Indonesian Foreign minister Hassan Wirayuda was correct when he said earlier this week that the establishment of a regional human rights commission was inevitable.

“We can’t become the ASEAN Community that we have envisioned ourselves to be until and unless the promotion and protection of human rights is pervasive in our region,” he said during a roundtable discussion on human rights   at the Association of Southeast Asian Nations.

There can be no doubt that ASEAN is lagging behind other regional groups in addressing human rights concerns, with  African, American, and European countries already having long-established rights commissions.

We welcome the Foreign Ministry’s renewed commitment to human rights as part of the diplomatic agenda.

As the world’s third greatest democracy — in size, not quality — the values which are now the defining pillars of this society should become a platform of the nation’s diplomacy.

We have detected such a trend in our diplomatic rhetoric particularly over the past year.

The foreign minister has decried the lack of democratic progress in ASEAN’s “problem child”, Myanmar,   and expressed regret at the undemocratic change of leadership in Thailand.

While we believe the Foreign Ministry still sits on the fence on many issues related to human rights, it is starting   to lean in the right direction.

It is now the duty of civil society to compel them to get off the fence. This evolution cannot be left to the slow machinery of bureaucracy and stodgy diplomatic propriety.

Efforts to establish a regional human rights mechanism have failed for 13 years. Even Hassan continues to insist that a gradual approach is best.

We fully comprehend the limitations faced by Indonesian diplomats working within the rigid protocols of ASEAN.

But how much more gradual can ASEAN be when after 13 years, there is little to show in terms of progress toward a  rights mechanism? Education and promotion of human rights is an important element, but protection is just as integral. At present, regional efforts on the former are scarce, and on the latter nonexistent.

We understand that values do not change overnight, but it is also an inalienable fact that human rights promotion and protection are integrally packaged. One cannot begin to engage in the first and delay the other to some point when it is deemed politically viable.

Hence, while the Foreign Ministry sees fit to follow the winding track of ASEANism, conducting studies and forming committees and a working group on this issue, it should also be blunt in its bilateral dialog. This is especially the case with fellow ASEAN members. As neighbors and friends living in a community we should be able to be more open with each other.

There has to be a breakthrough in the coming year which will show that Indonesia is committed beyond the flurry of headlines and big speeches.

A breakthrough which does not have to upset the carefully constructed framework of cooperation within ASEAN, but with enough grit to indicate this country is serious about the issue.

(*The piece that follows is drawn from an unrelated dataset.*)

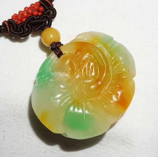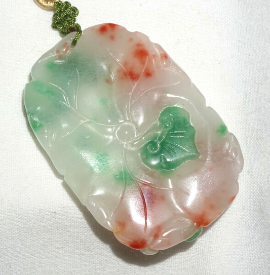 Vintage Chinese Semi Translucent Jadeite Jade Pendant w. Flower Motif (---)

The Indonesian people are striving and struggling, and some are dying, so we that can firmly establish a system in which the dignity and rights of citizens are paramount.

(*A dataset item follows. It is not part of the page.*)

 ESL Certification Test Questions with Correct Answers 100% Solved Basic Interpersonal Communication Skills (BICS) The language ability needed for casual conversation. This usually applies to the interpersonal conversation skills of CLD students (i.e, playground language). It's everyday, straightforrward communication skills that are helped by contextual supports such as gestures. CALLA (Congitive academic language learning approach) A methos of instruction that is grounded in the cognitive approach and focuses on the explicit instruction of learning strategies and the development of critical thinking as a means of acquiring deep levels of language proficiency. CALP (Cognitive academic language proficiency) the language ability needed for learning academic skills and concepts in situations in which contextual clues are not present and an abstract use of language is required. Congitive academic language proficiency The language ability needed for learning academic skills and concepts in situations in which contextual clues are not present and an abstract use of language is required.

Without imposing our views, we should ask what is the point of such an effort if we continue to condone, and in some ways support, contrary practices by our closest friends and neighbors.

No one would be friends with someone who was openly abusing his or her family. Should the state not live by equal principles? If Indonesian officials refuse to be more decisive with countries like Myanmar, for example, they should not shy away from engaging in dialog with opposition groups within that country.

Such a move does not imply support, but it does show recognition that in a democratic system there is a respect for alternative voices in society.

We implore our officials to at least begin concerted efforts such as these that would infuse some dignity into the foreign policy of a democratic state.

Without that, our democratic credentials and human rights rhetoric will plunge into embarrassment — the kind of embarrassment which leads people to brush aside statements about regional human rights concerns.

That would strengthen the skepticism which perceives these concerns as a public diplomacy ploy and an afterthought.  Especially since a planned dialog to comment on the human rights proposals to be submitted to ASEAN heads of state was only held after the original summit was canceled.